» Record excerpts:
+++

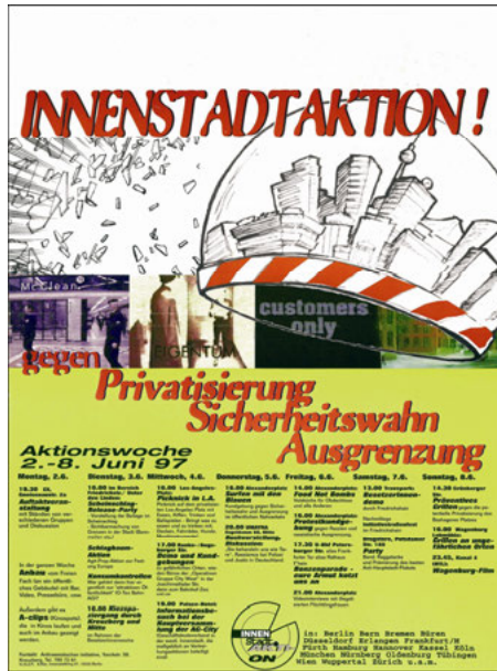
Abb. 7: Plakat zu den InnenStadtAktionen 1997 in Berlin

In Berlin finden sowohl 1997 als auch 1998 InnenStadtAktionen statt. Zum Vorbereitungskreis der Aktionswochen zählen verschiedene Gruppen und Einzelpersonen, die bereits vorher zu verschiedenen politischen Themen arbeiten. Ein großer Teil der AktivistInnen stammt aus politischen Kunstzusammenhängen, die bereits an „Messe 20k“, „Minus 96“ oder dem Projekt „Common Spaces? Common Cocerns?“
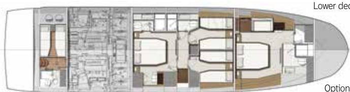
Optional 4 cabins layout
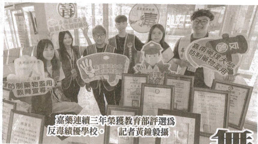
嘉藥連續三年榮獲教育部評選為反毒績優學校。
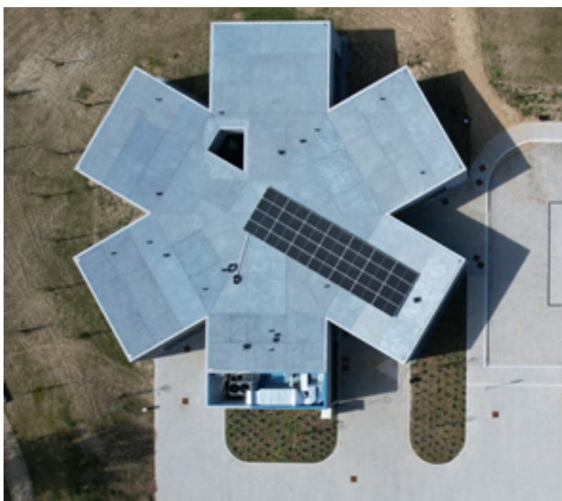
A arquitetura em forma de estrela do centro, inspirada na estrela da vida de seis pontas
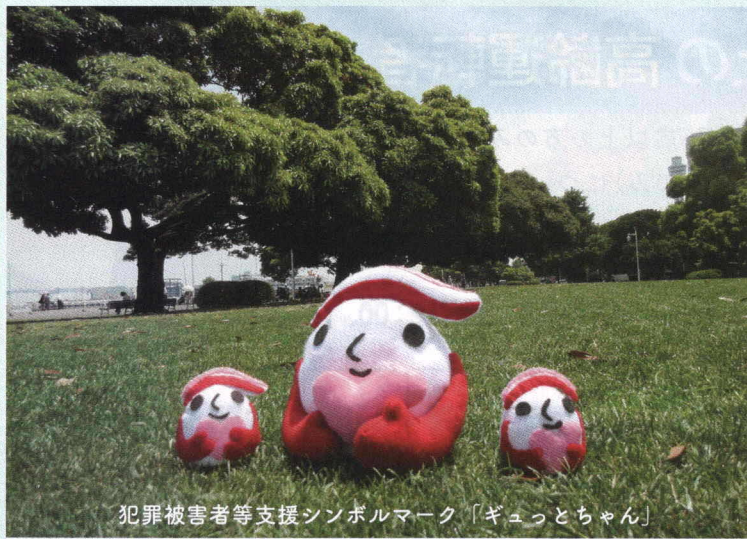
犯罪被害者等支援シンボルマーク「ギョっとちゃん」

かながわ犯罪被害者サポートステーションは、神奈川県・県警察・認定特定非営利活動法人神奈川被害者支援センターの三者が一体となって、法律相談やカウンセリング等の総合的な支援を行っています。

+++

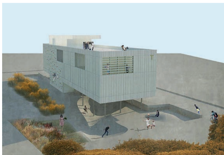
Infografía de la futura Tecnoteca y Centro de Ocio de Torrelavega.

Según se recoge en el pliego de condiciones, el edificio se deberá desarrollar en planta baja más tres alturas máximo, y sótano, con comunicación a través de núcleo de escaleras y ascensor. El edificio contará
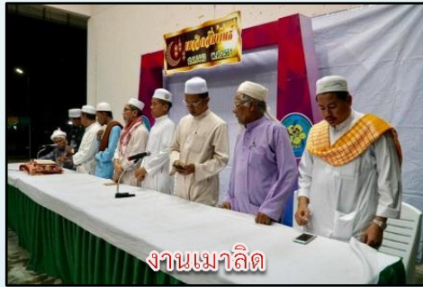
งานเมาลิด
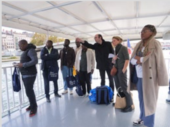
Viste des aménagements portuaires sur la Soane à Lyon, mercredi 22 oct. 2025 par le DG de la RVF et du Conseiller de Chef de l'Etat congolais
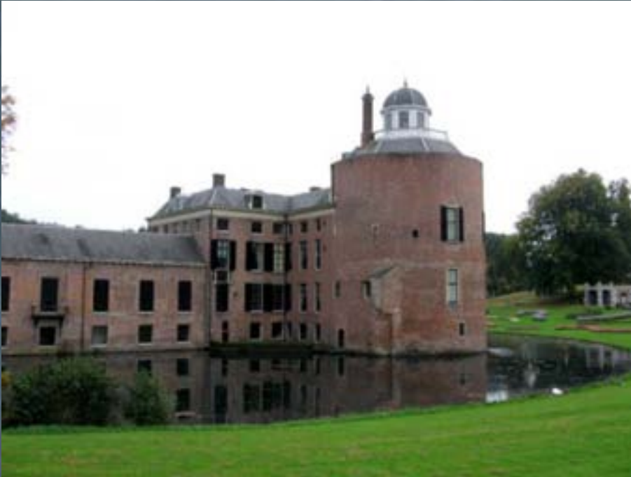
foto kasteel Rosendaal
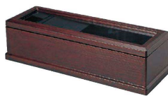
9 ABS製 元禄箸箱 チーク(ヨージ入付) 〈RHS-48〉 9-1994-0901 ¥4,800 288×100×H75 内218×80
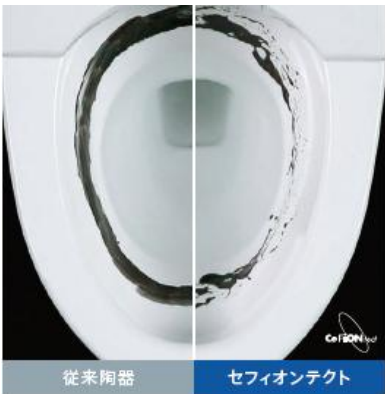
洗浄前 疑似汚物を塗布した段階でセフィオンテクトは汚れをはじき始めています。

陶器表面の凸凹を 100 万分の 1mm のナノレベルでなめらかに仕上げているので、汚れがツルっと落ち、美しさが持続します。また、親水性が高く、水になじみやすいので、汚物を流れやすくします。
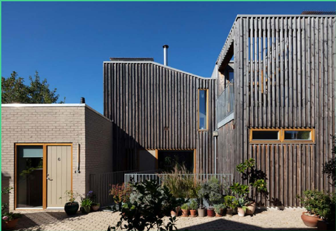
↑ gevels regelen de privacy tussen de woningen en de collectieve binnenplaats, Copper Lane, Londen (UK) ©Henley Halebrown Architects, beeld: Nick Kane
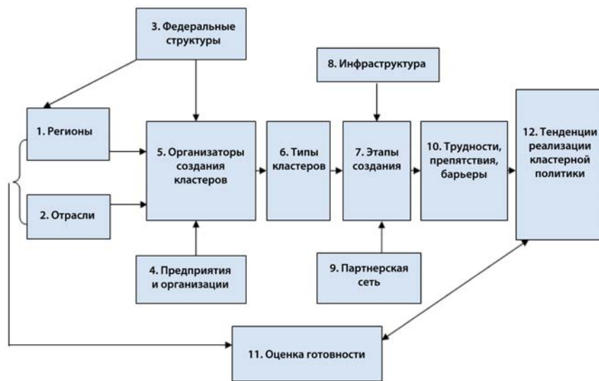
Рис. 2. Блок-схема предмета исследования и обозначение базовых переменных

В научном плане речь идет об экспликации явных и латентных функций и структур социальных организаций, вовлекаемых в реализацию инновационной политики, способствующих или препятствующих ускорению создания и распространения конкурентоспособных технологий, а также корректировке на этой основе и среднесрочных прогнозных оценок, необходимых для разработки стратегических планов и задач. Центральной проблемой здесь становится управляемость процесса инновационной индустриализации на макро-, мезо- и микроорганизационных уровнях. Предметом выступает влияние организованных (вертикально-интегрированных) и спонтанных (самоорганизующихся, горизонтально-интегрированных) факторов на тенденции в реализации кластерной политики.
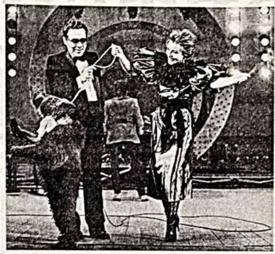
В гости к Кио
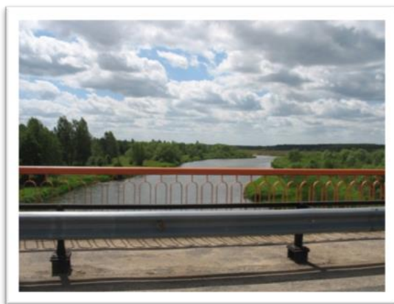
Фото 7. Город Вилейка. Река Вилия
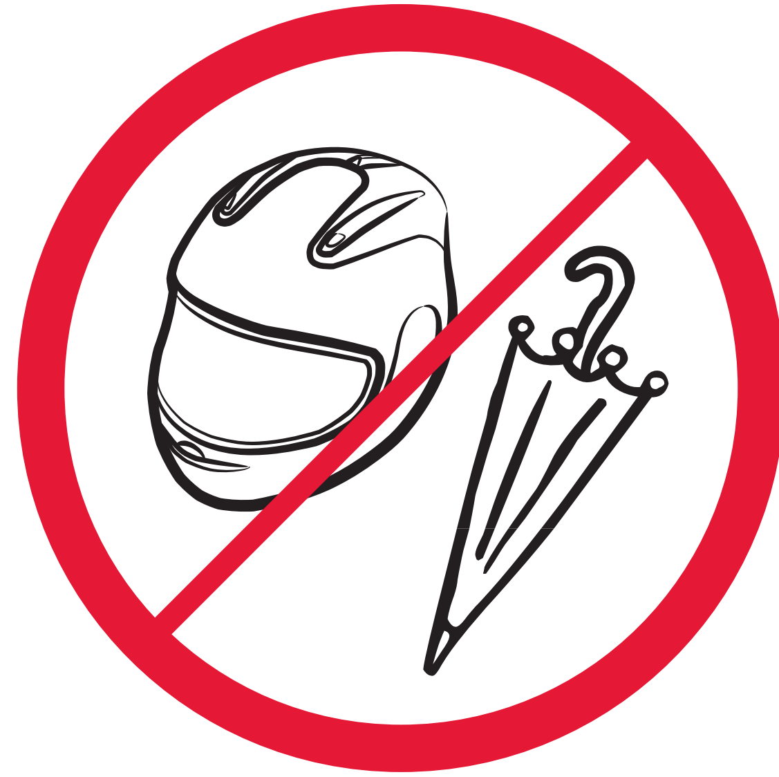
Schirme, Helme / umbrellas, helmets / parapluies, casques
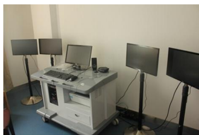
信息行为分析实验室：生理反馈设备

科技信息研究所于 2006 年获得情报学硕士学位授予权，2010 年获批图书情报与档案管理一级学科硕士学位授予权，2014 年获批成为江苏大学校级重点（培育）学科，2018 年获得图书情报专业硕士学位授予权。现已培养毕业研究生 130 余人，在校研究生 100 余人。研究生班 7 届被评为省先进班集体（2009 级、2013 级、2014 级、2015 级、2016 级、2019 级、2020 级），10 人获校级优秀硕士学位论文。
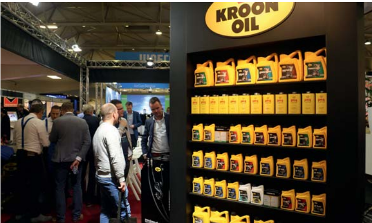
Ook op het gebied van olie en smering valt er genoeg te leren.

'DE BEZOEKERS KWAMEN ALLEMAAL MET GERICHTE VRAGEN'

+++

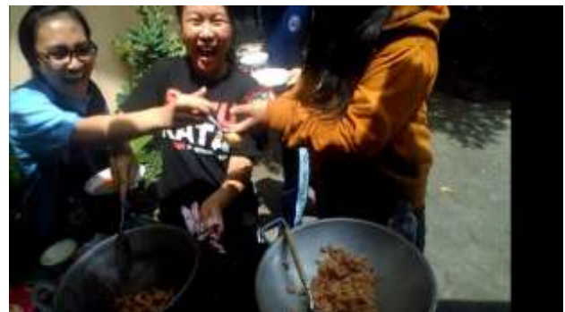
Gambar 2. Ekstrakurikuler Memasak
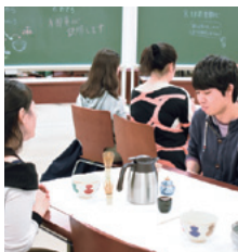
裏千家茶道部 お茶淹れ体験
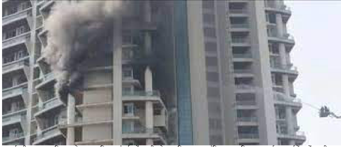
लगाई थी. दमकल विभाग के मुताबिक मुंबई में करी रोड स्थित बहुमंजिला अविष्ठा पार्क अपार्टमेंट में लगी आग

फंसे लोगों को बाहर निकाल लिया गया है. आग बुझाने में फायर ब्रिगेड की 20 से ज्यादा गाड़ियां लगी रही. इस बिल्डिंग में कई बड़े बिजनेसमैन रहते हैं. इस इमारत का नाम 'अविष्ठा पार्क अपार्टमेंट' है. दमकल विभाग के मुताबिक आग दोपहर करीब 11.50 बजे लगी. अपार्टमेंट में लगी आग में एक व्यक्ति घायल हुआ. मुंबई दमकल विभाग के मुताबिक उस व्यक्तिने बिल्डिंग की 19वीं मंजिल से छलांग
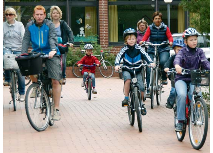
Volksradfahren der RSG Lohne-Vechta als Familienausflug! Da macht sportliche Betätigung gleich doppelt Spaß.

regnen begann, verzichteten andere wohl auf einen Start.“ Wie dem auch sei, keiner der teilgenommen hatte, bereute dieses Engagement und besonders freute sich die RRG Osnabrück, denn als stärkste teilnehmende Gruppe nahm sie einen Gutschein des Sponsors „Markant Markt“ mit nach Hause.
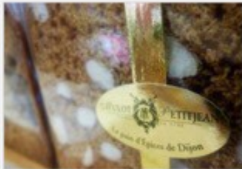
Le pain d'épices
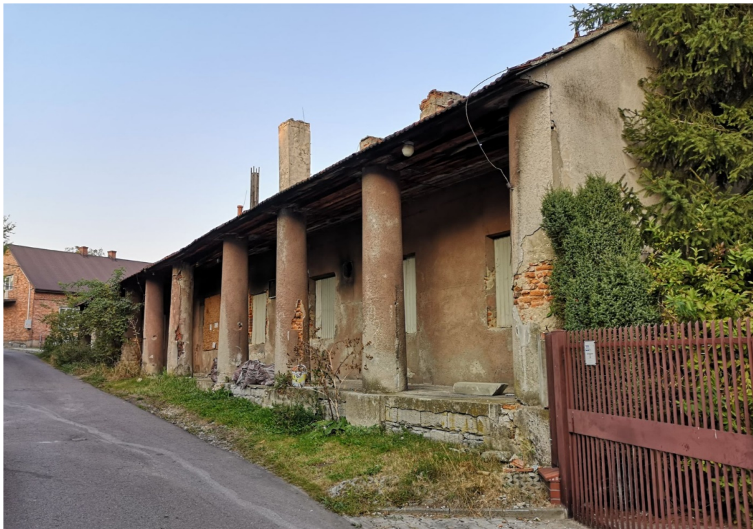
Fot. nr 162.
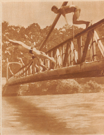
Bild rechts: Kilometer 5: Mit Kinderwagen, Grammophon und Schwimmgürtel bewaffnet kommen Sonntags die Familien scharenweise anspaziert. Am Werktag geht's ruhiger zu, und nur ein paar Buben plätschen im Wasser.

+++

Among the lines above, find those with the word "auch" and list them.

In Berlin finden sowohl 1997 als auch 1998 InnenStadtAktionen statt. Zum Vorbereitungskreis der Aktionswochen zählen verschiedene Gruppen und Einzelpersonen, die bereits vorher zu verschiedenen politischen Themen arbeiten. Ein großer Teil der AktivistInnen stammt aus politischen Kunstzusammenhängen, die bereits an „Messe 20k“, „Minus 96“ oder dem Projekt „Common Spaces? Common Cocerns?“
regnen begann, verzichteten andere wohl auf einen Start.“ Wie dem auch sei, keiner der teilgenommen hatte, bereute dieses Engagement und besonders freute sich die RRG Osnabrück, denn als stärkste teilnehmende Gruppe nahm sie einen Gutschein des Sponsors „Markant Markt“ mit nach Hause.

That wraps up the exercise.